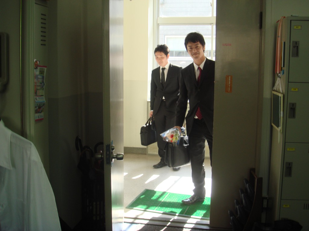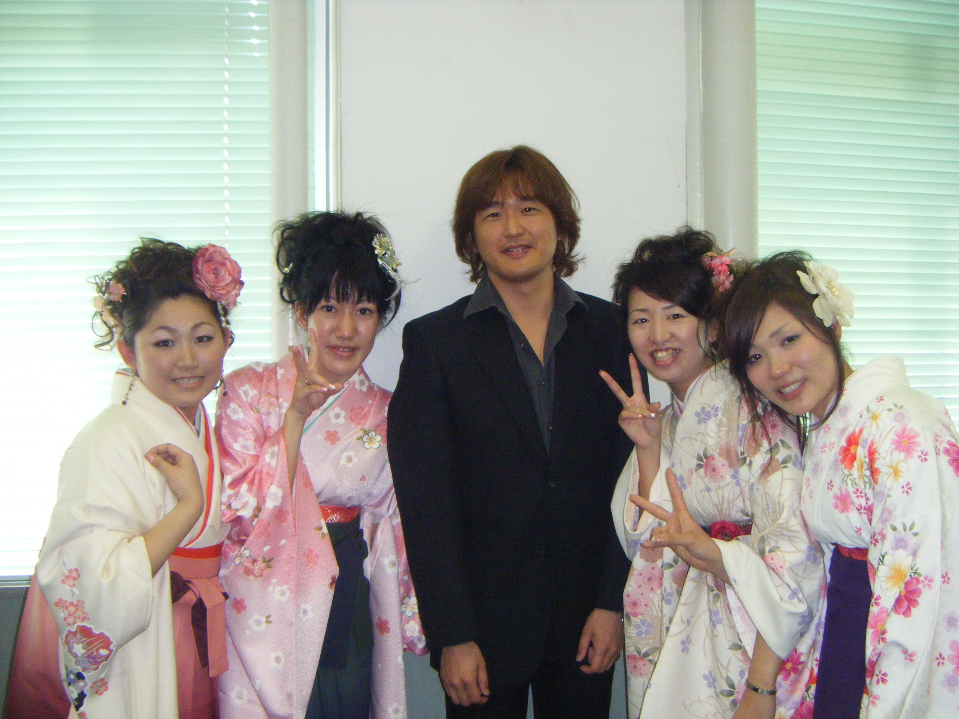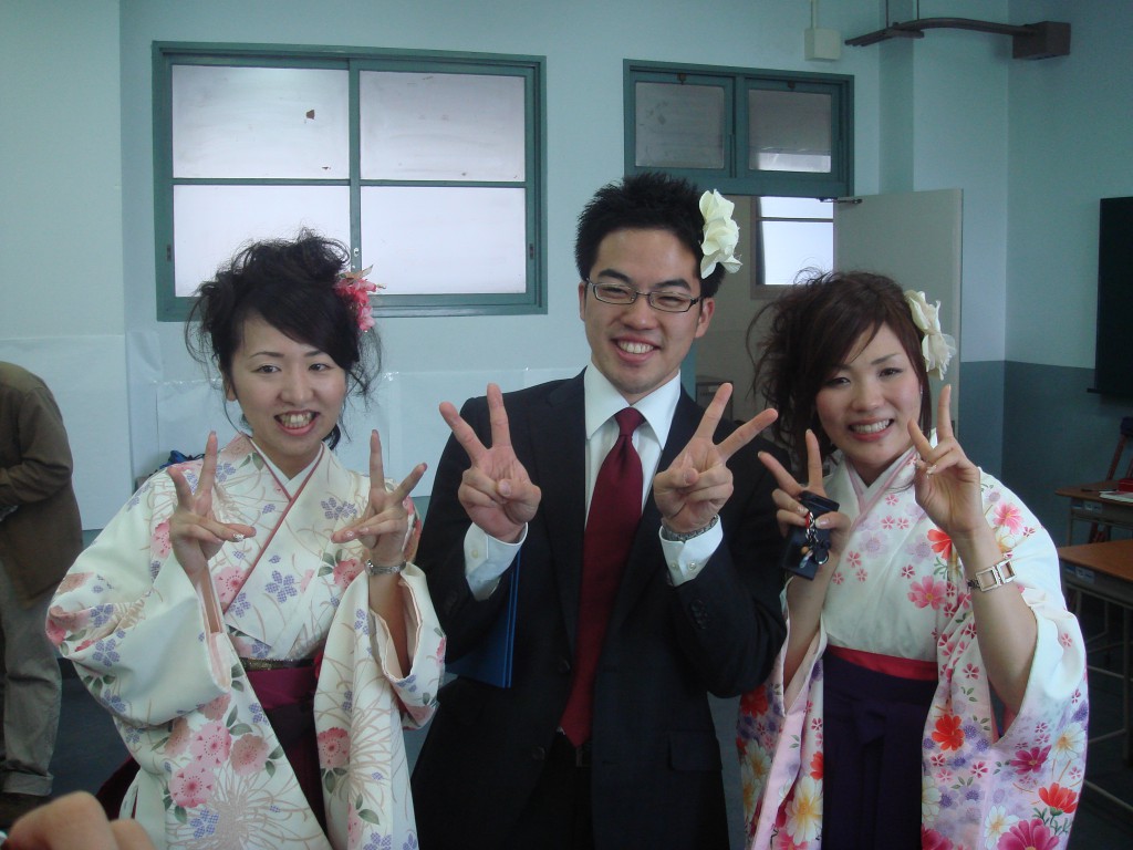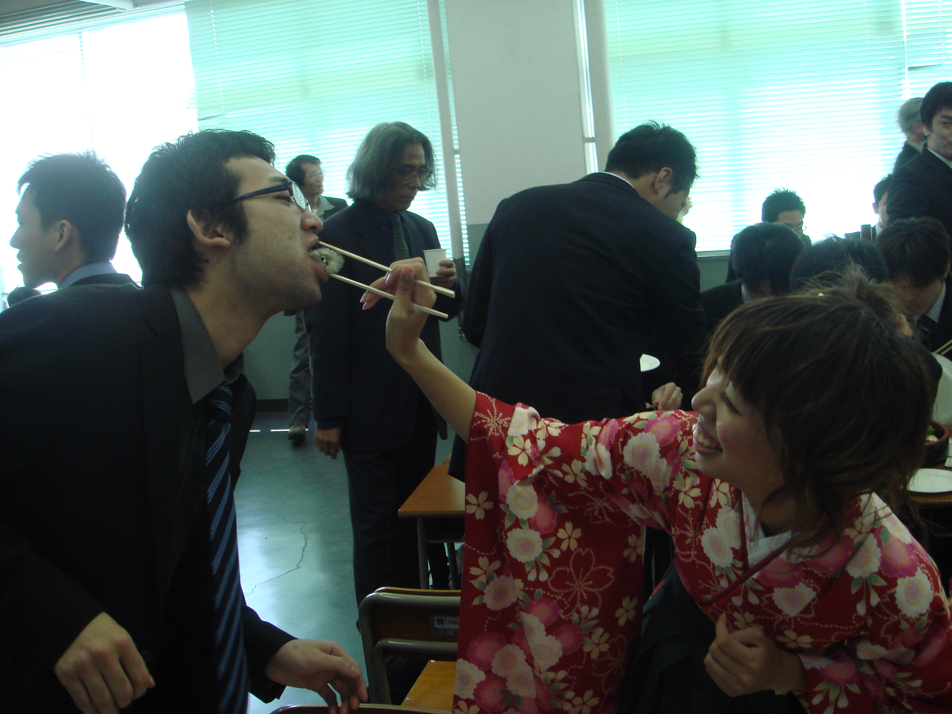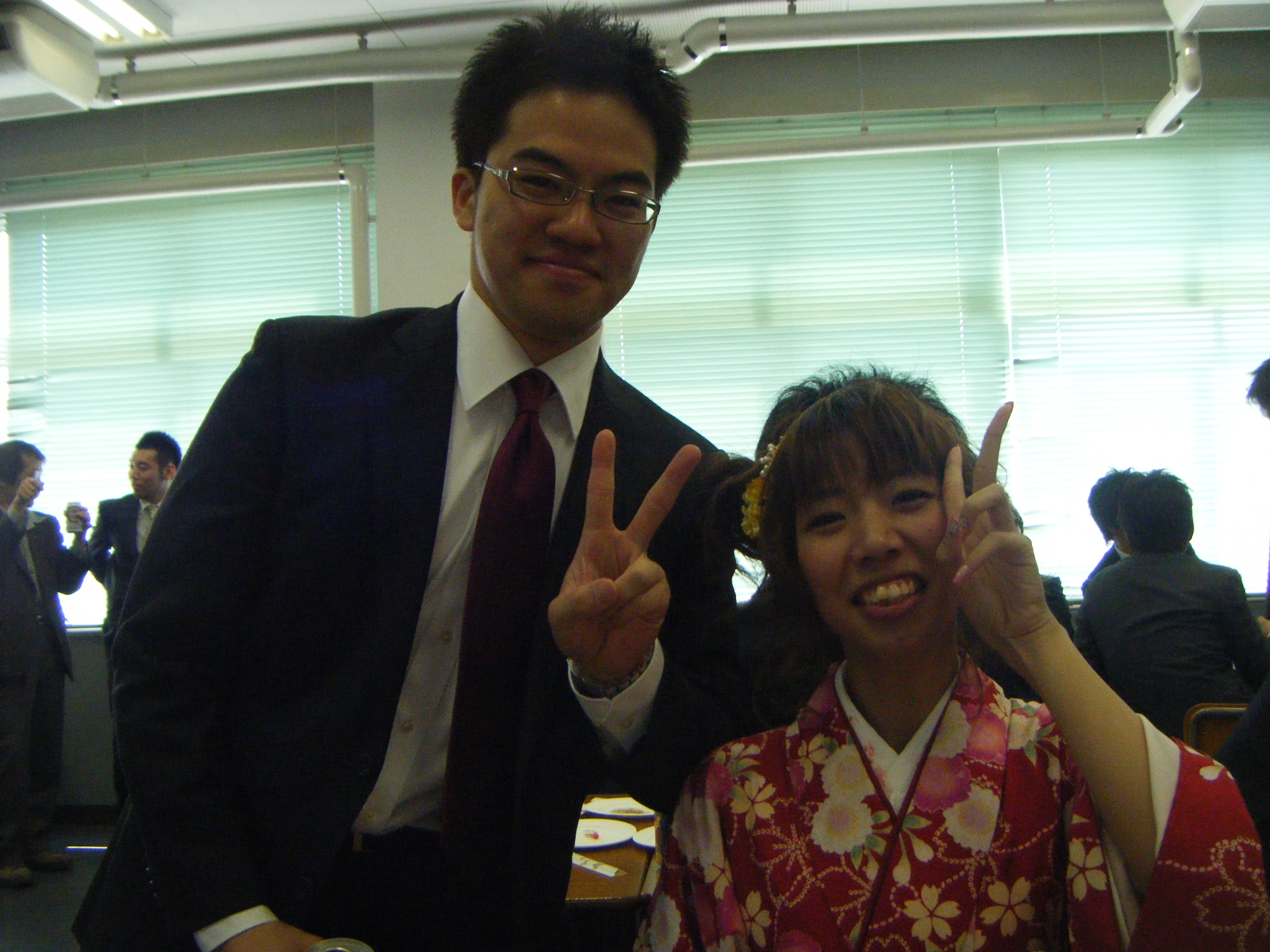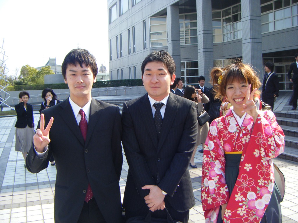 卒業式 本日は卒業式です。 ホールの前で開始前の一枚☆ 卒業生へのお花のプレゼントです。 卒業おめでとうございます☆ なんと卒業生のみなさんから 「エスプレッソ・カプチーノマシーン」を頂きました!! ありがとうございます!! ポットの横に置かせて頂きました!! これからコーヒーライフを楽しみたいと思います♪ 4回生のお2人。 配属されたころはほとんど会話がなかったそうですが(笑)、 今では仲良しさんです♪ M2のお2人。 6年間お疲れ様でした☆ 感概ひとしおですね!! あーん☆ ハーレム西村さん☆ 頭にお花つけて可愛らしいですね♪(笑) 今度はハーレム中原さんです☆ とても華やかですね♪ 最後は先生のハーレムです(笑) 男性陣みんな幸せそうですね☆ そしてお別れのときです… なんだかせつない一枚です… 本当にたくさんお世話になりました!! 本当にありがとうございました!! 卒業式
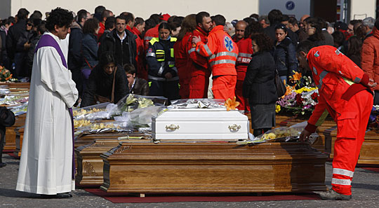意大利总理贝卢斯科尼与政府领导人和罗马天主教廷高级教士共同出席在葬礼仪式上。
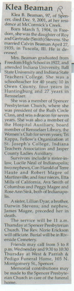 | Other | Preceded in death by parents, Roy and Gertrude (Smith) Stevens; sister, Lillian Dyar; brother, Darwin Stevens; nephew, James Magee. |
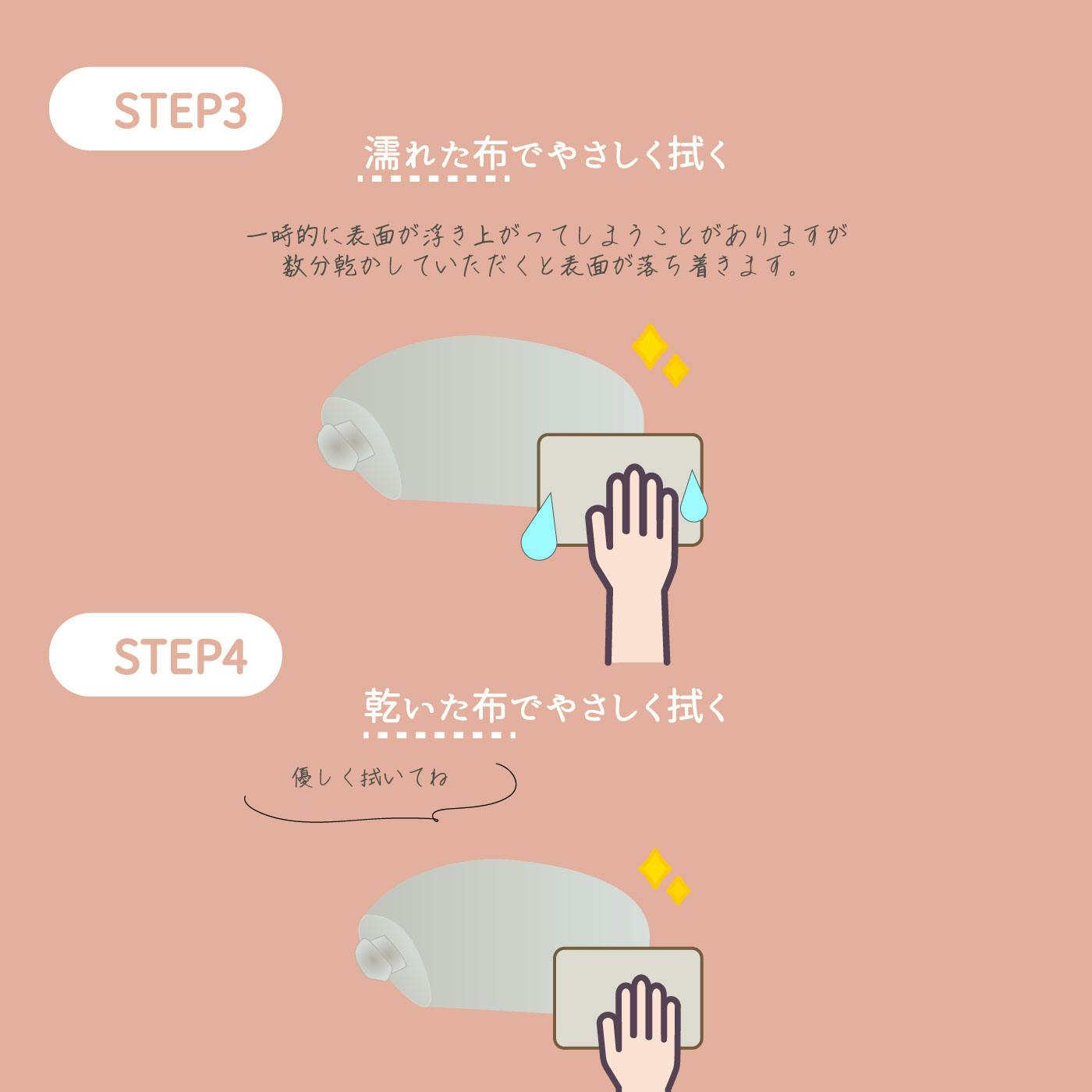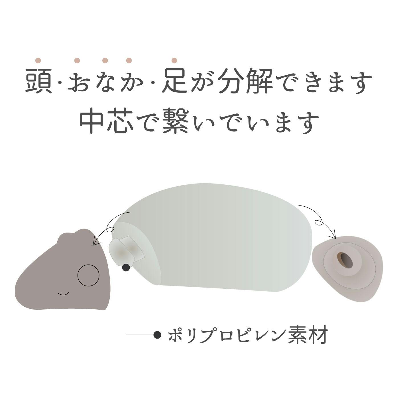 頭と足はシリコン素材でできている為、水洗い可能。体は食器洗い用の中性洗剤を溶かした水に布を濡らし、硬く絞りおなかを拭きます。最後に洗剤のついていない濡れた布で拭いてお手入れ完了です。※アルコールのご使用はお控えください。
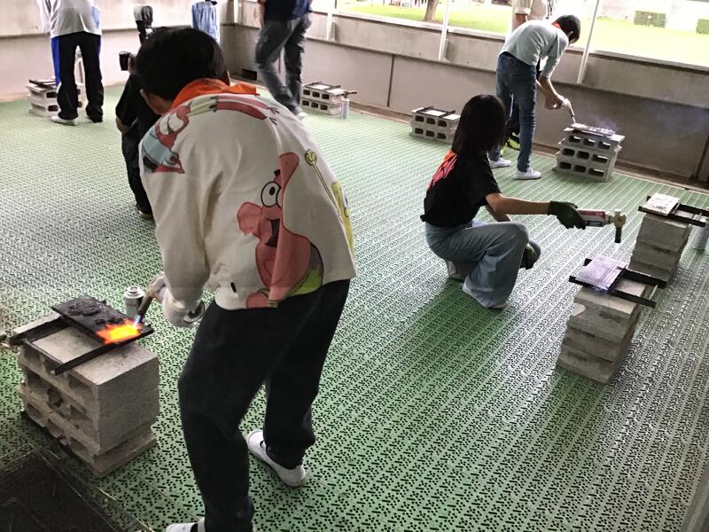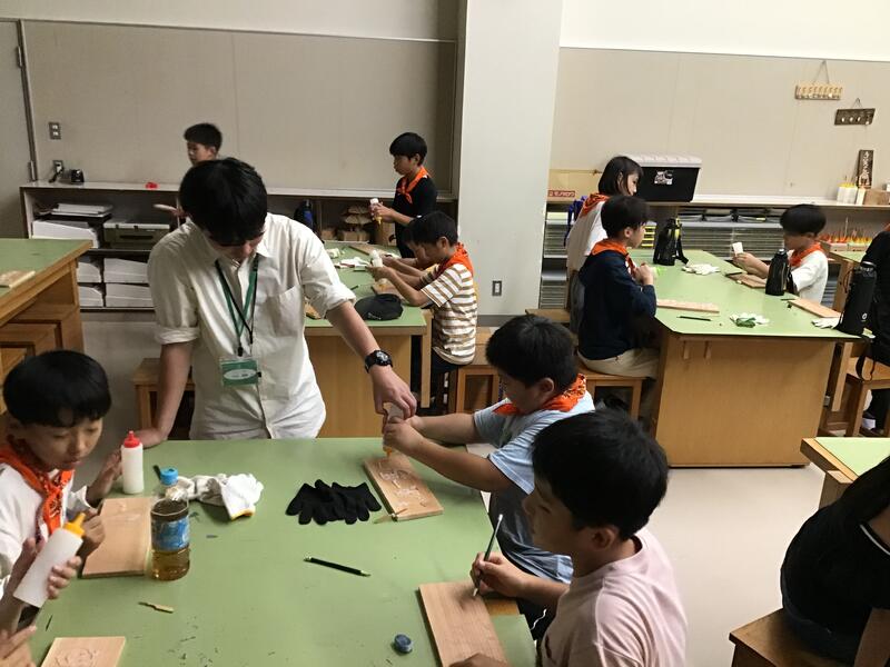 二手に分かれて,「勾玉」と「焼杉」希望した物をみんなで作りました。
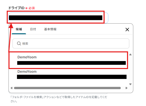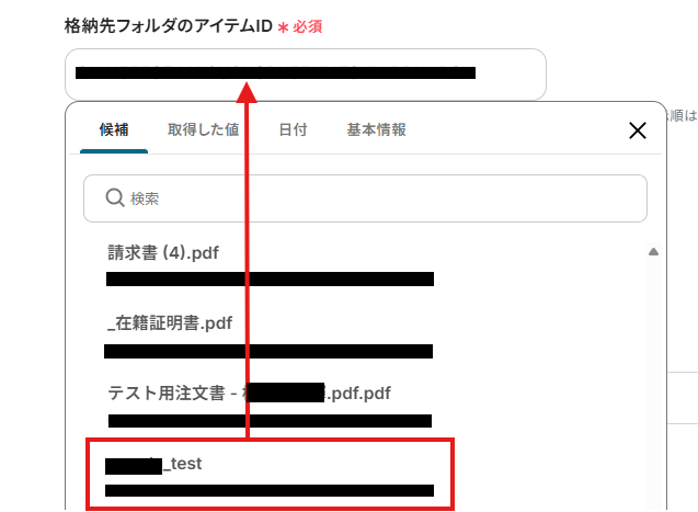 「格納先フォルダのアイテムID」は、入力欄をクリックして表示される候補から選択してください。
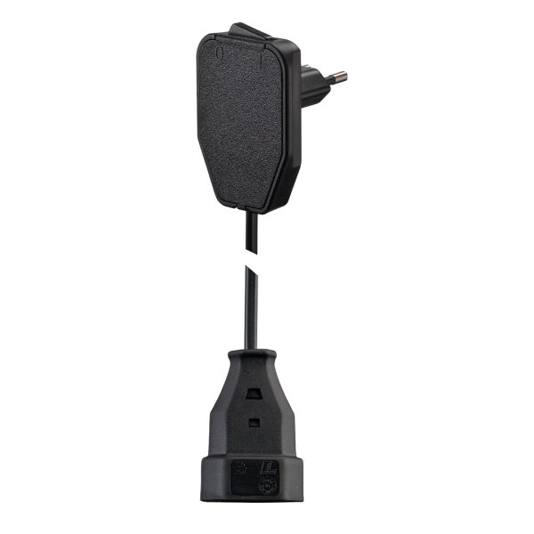 Euro-Flachstecker EuroPlug mit Schalter, ca. 5,0 m Zuleitung und Euro-Kupplung, schwarz
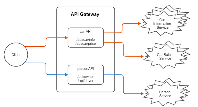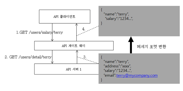 - API 서버에서 제공되는 API가 클라리언트가 원하는 API 형태와 다를 때, API Gateway가 이를 변경
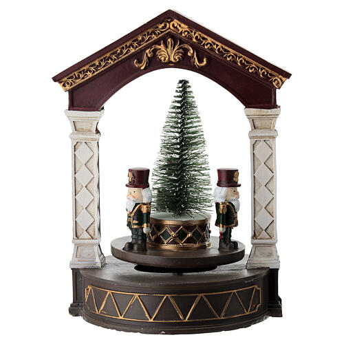 Music box with nutcracker and tree, 20x15x15 cm. Music box with nutcrackers depicting a Christmas scene in resin, hand-painted details, and golden finishes. In the center of a circular stage is a small Christmas tree, accompanied by three nutcracker soldiers, both wearing tall hats and uniforms. The entire scene is framed by an elegant arch supported by two finely decorated columns. The base features a large golden zigzag decoration adding a touch of sophistication. When activated, the music box plays the Christmas musical melody Silent Night, creating a magical and festive atmosphere. Actual dimensions: 20x13.4x14.5 cm.
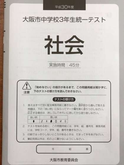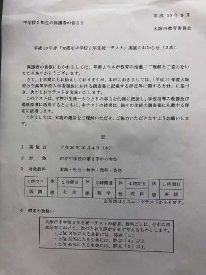 統一テスト実施 其の一 公開日 2018/10/04 更新日 2018/10/04 お知らせ 本日、平成30年度大阪市中学校3年生統一テストを行いました。 このテスト結果により、大阪市中学校全校の教科ごとの得点分布による評定を与えられま す。 いいね(0)
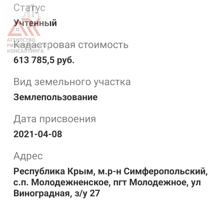 Продается земельный участок пл. 5,23 сот по ул. Виноградная в п. Молодежное (Давыдовка) Симферопольского района.
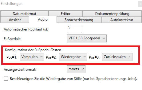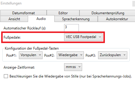 Über Werkzeuge Einstellungen Audio kann das Fußpedal konfiguriert werden.
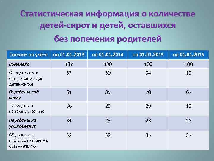 Статистическая информация о количестве детей-сирот и детей, оставшихся без попечения родителей Состоит на учёте на 01. 2013 на 01. 2014 на 01. 2015 на 01. 2016 Выявлено 137 130 106 100 Определены в организации для детей-сирот 57 50 34 19 Переданы под опеку 61 85 70 67 Переданы в приёмную семью 36 23 29 19 Переданы на усыновление 34 23 23 25 Обучаются в профессиональных организациях 32 32 35 37
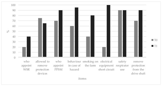 Overall, the response analysis reported an increase in knowledge from T0 to T1. More specifically, the post-test knowledge showed a higher mean percentage of correct answers (81.3%) compared with the mean rate of correct answers reported during the pre-test (55.6%). Concerning the pre-test questionnaire, the items that reported the lowest rate of correct answers were the question related to the appointment of the WSR and that related to the short circuit of electrical equipment (each question reported only 20% correct answers). In contrast, the question related to PPE adoption (safety respirator) yielded a higher percentage of correct answers (90%). Concerning the post-test questionnaire, the lowest score was reported for the appointment of the WSR, even though an increasing rate of correct answers was reported after the training (40%). The question related to electrical risk had the highest comprehension rate (100%). Detailed information regarding the correct answers is reported in Figure 5.
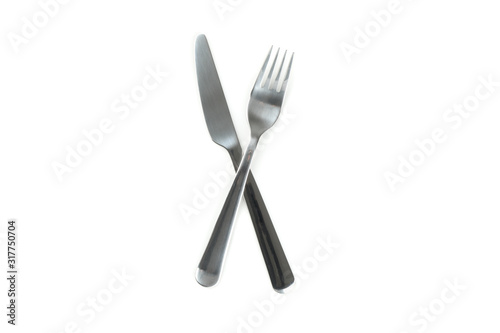 Knife and fork, cutlery isolated on white background. Kitchen, serving
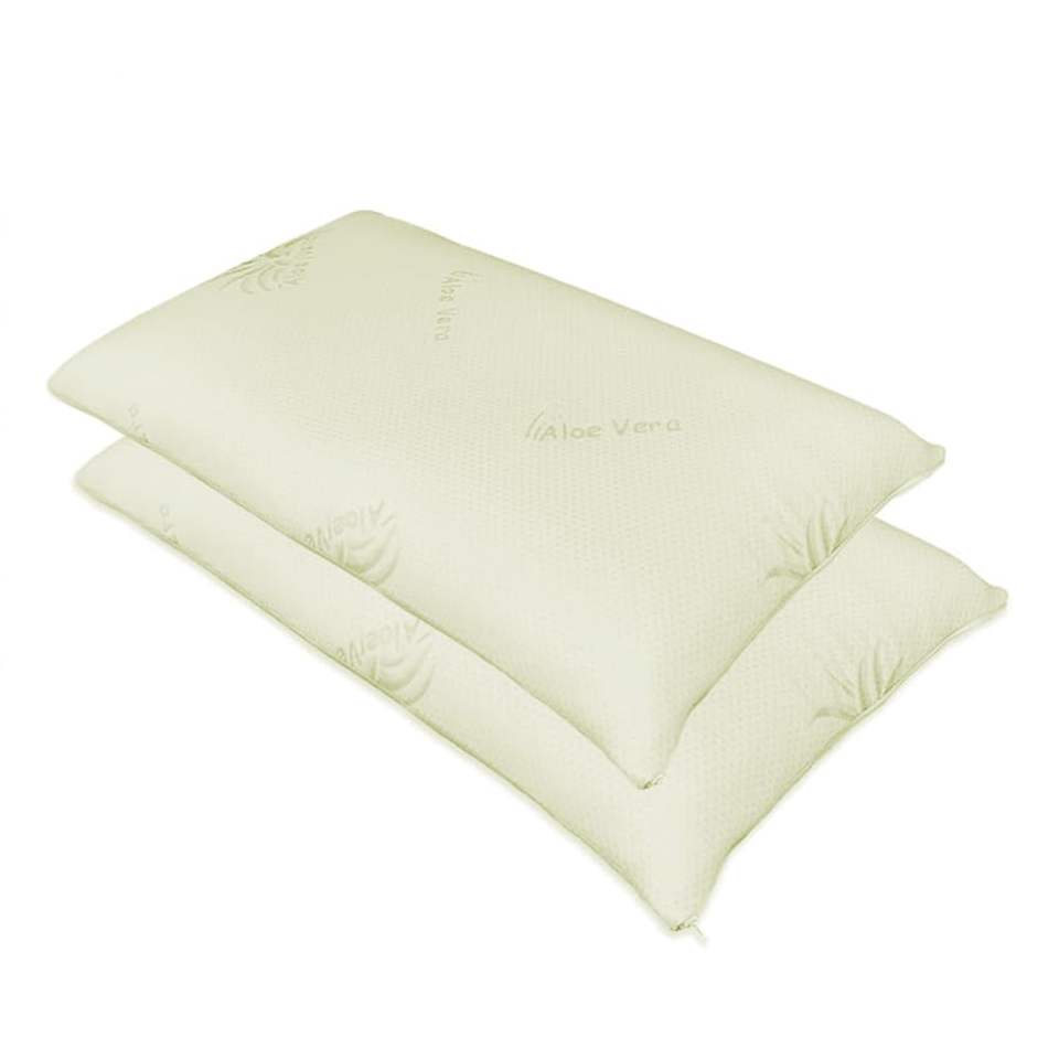 2 Green 65x40x9/11 cm Bed Pillows Double Wave Aloe Vera Memory Foam Removable-for Hotels and B&Bs

☆ ☆ ☆ ☆ ☆

What you will do
Repeat only the lines between the top of the entries above and the line containing "統一テスト実施 其の一 公開日", both ends included, without the pictures.

Completed task
 卒業式 本日は卒業式です。 ホールの前で開始前の一枚☆ 卒業生へのお花のプレゼントです。 卒業おめでとうございます☆ なんと卒業生のみなさんから 「エスプレッソ・カプチーノマシーン」を頂きました!! ありがとうございます!! ポットの横に置かせて頂きました!! これからコーヒーライフを楽しみたいと思います♪ 4回生のお2人。 配属されたころはほとんど会話がなかったそうですが(笑)、 今では仲良しさんです♪ M2のお2人。 6年間お疲れ様でした☆ 感概ひとしおですね!! あーん☆ ハーレム西村さん☆ 頭にお花つけて可愛らしいですね♪(笑) 今度はハーレム中原さんです☆ とても華やかですね♪ 最後は先生のハーレムです(笑) 男性陣みんな幸せそうですね☆ そしてお別れのときです… なんだかせつない一枚です… 本当にたくさんお世話になりました!! 本当にありがとうございました!! 卒業式
意大利总理贝卢斯科尼与政府领导人和罗马天主教廷高级教士共同出席在葬礼仪式上。
 | Other | Preceded in death by parents, Roy and Gertrude (Smith) Stevens; sister, Lillian Dyar; brother, Darwin Stevens; nephew, James Magee. |
 頭と足はシリコン素材でできている為、水洗い可能。体は食器洗い用の中性洗剤を溶かした水に布を濡らし、硬く絞りおなかを拭きます。最後に洗剤のついていない濡れた布で拭いてお手入れ完了です。※アルコールのご使用はお控えください。
 二手に分かれて,「勾玉」と「焼杉」希望した物をみんなで作りました。
 「格納先フォルダのアイテムID」は、入力欄をクリックして表示される候補から選択してください。
 Euro-Flachstecker EuroPlug mit Schalter, ca. 5,0 m Zuleitung und Euro-Kupplung, schwarz
 - API 서버에서 제공되는 API가 클라리언트가 원하는 API 형태와 다를 때, API Gateway가 이를 변경
 Music box with nutcracker and tree, 20x15x15 cm. Music box with nutcrackers depicting a Christmas scene in resin, hand-painted details, and golden finishes. In the center of a circular stage is a small Christmas tree, accompanied by three nutcracker soldiers, both wearing tall hats and uniforms. The entire scene is framed by an elegant arch supported by two finely decorated columns. The base features a large golden zigzag decoration adding a touch of sophistication. When activated, the music box plays the Christmas musical melody Silent Night, creating a magical and festive atmosphere. Actual dimensions: 20x13.4x14.5 cm.
 統一テスト実施 其の一 公開日 2018/10/04 更新日 2018/10/04 お知らせ 本日、平成30年度大阪市中学校3年生統一テストを行いました。 このテスト結果により、大阪市中学校全校の教科ごとの得点分布による評定を与えられま す。 いいね(0)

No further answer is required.